Source data:

>>>

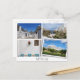 Postcard with a collage of four images of Apulia, like trulli in Alberobello, city beach in Polignano a Mare, a street shrine in Ostuni and white city Ostuni with photos with a white edge and one twisted like it is loose and with the text: 'Apulia'. It is a great vacation souvenir.
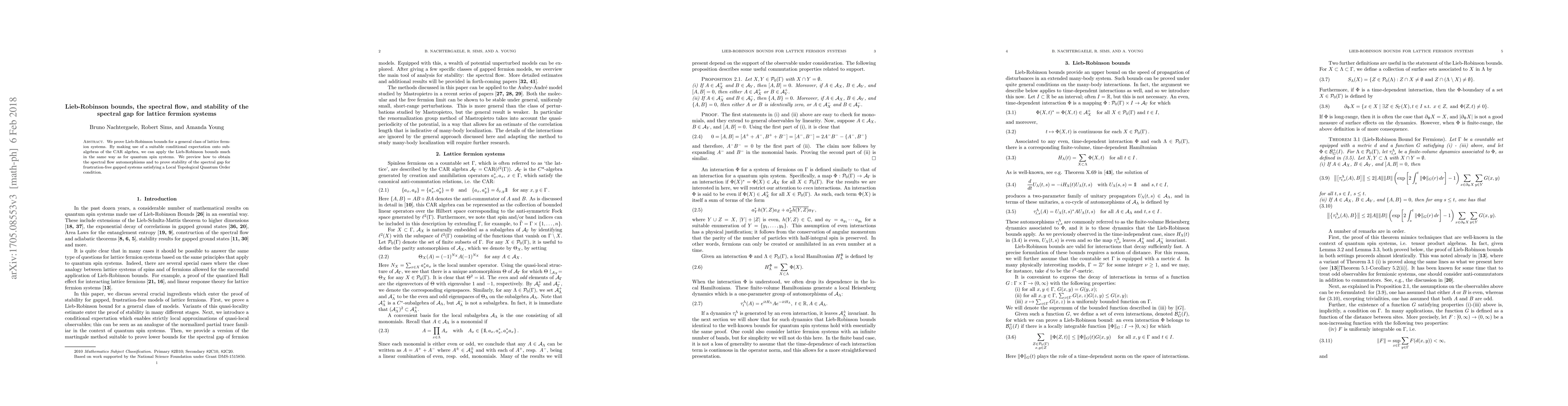 This paper establishes Lieb-Robinson bounds for lattice fermion systems, employing conditional expectations onto subalgebras akin to quantum spin systems. It also explores spectral flow automorphisms and proves the stability of the spectral gap for frustration-free gapped systems with a Local Topological Quantum Order condition.
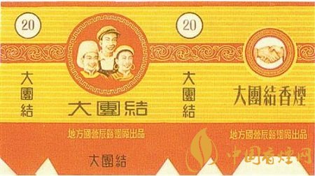 這一時(shí)期出品的“大團(tuán)結(jié)”煙標(biāo)也有很多,如太原煙草廠出品的“大團(tuán)結(jié)”煙標(biāo),主版于花卉圓圖內(nèi)印有“大團(tuán)結(jié)”字樣;地方國營(yíng)辰谿煙廠出品的“大團(tuán)結(jié)”煙標(biāo),主版圖案為兩名女性和一名男性的人物形象,副版是兩只手緊緊握在一起的畫面。
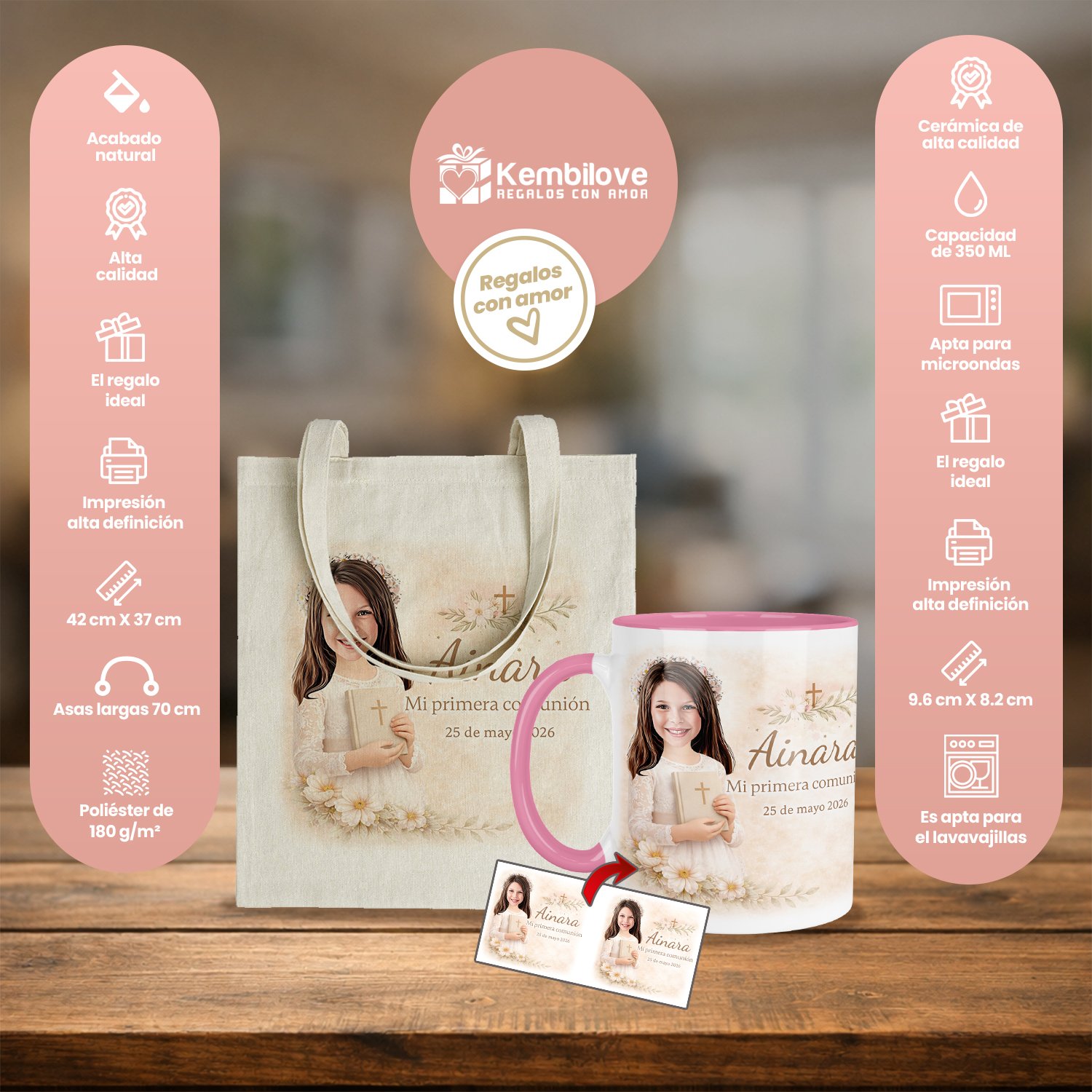 En Kembilove tenemos la solución perfecta con nuestro regalo original comunión niña. Este set de taza y bolsa de tela va un paso más allá de la personalización tradicional. No solo incluimos su nombre y la fecha de la ceremonia, sino que añadimos una encantadora caricatura que representa la ilusión de ese día. Es un diseño vibrante, alegre y lleno de vida que captura la esencia de su infancia.

<<<

Assigned task:
Repeat the listing above in full, exactly, and omit its pictures.

Answer to this task:
 Postcard with a collage of four images of Apulia, like trulli in Alberobello, city beach in Polignano a Mare, a street shrine in Ostuni and white city Ostuni with photos with a white edge and one twisted like it is loose and with the text: 'Apulia'. It is a great vacation souvenir.
 This paper establishes Lieb-Robinson bounds for lattice fermion systems, employing conditional expectations onto subalgebras akin to quantum spin systems. It also explores spectral flow automorphisms and proves the stability of the spectral gap for frustration-free gapped systems with a Local Topological Quantum Order condition.
 這一時(shí)期出品的“大團(tuán)結(jié)”煙標(biāo)也有很多,如太原煙草廠出品的“大團(tuán)結(jié)”煙標(biāo),主版于花卉圓圖內(nèi)印有“大團(tuán)結(jié)”字樣;地方國營(yíng)辰谿煙廠出品的“大團(tuán)結(jié)”煙標(biāo),主版圖案為兩名女性和一名男性的人物形象,副版是兩只手緊緊握在一起的畫面。
 En Kembilove tenemos la solución perfecta con nuestro regalo original comunión niña. Este set de taza y bolsa de tela va un paso más allá de la personalización tradicional. No solo incluimos su nombre y la fecha de la ceremonia, sino que añadimos una encantadora caricatura que representa la ilusión de ese día. Es un diseño vibrante, alegre y lleno de vida que captura la esencia de su infancia.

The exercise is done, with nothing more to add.